▼

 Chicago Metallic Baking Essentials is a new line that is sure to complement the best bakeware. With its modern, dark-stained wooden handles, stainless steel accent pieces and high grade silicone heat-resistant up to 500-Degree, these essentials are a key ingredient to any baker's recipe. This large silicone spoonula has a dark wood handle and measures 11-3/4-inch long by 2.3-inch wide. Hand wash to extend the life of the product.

▲
▼

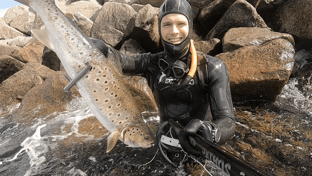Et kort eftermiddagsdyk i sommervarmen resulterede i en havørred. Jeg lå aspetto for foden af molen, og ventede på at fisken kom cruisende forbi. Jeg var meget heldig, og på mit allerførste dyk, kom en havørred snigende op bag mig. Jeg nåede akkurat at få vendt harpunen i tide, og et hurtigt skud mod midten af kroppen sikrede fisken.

▲
▼

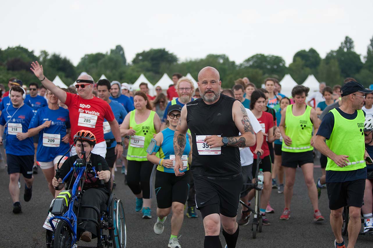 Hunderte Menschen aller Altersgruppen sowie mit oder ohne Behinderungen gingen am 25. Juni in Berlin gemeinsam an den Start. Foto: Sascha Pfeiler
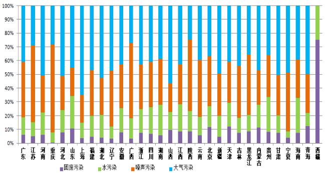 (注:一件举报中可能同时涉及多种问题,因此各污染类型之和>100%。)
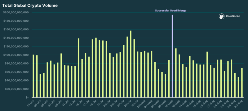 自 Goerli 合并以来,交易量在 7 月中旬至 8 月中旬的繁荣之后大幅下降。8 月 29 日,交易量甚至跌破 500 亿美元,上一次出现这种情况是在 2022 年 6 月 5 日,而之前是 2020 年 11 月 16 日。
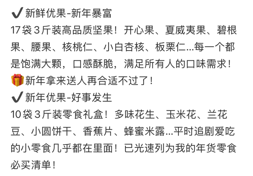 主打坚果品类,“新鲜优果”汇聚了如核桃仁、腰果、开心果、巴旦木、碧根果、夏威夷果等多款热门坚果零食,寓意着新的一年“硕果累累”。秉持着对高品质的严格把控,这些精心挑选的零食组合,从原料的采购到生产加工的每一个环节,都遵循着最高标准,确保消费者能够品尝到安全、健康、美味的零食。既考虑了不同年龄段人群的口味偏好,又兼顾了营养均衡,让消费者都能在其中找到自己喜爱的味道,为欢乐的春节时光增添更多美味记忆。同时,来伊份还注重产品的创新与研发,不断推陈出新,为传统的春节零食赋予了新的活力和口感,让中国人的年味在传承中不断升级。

▲

▸ **Activity**
In the data above, find the line containing "Hunderte Menschen aller" and the line containing "自 Goerli 合并以来,交易量在". Repeat those two lines and everything between them exactly, minus the pictures.

▸ **Written solution**
 Hunderte Menschen aller Altersgruppen sowie mit oder ohne Behinderungen gingen am 25. Juni in Berlin gemeinsam an den Start. Foto: Sascha Pfeiler
 (注:一件举报中可能同时涉及多种问题,因此各污染类型之和>100%。)
 自 Goerli 合并以来,交易量在 7 月中旬至 8 月中旬的繁荣之后大幅下降。8 月 29 日,交易量甚至跌破 500 亿美元,上一次出现这种情况是在 2022 年 6 月 5 日,而之前是 2020 年 11 月 16 日。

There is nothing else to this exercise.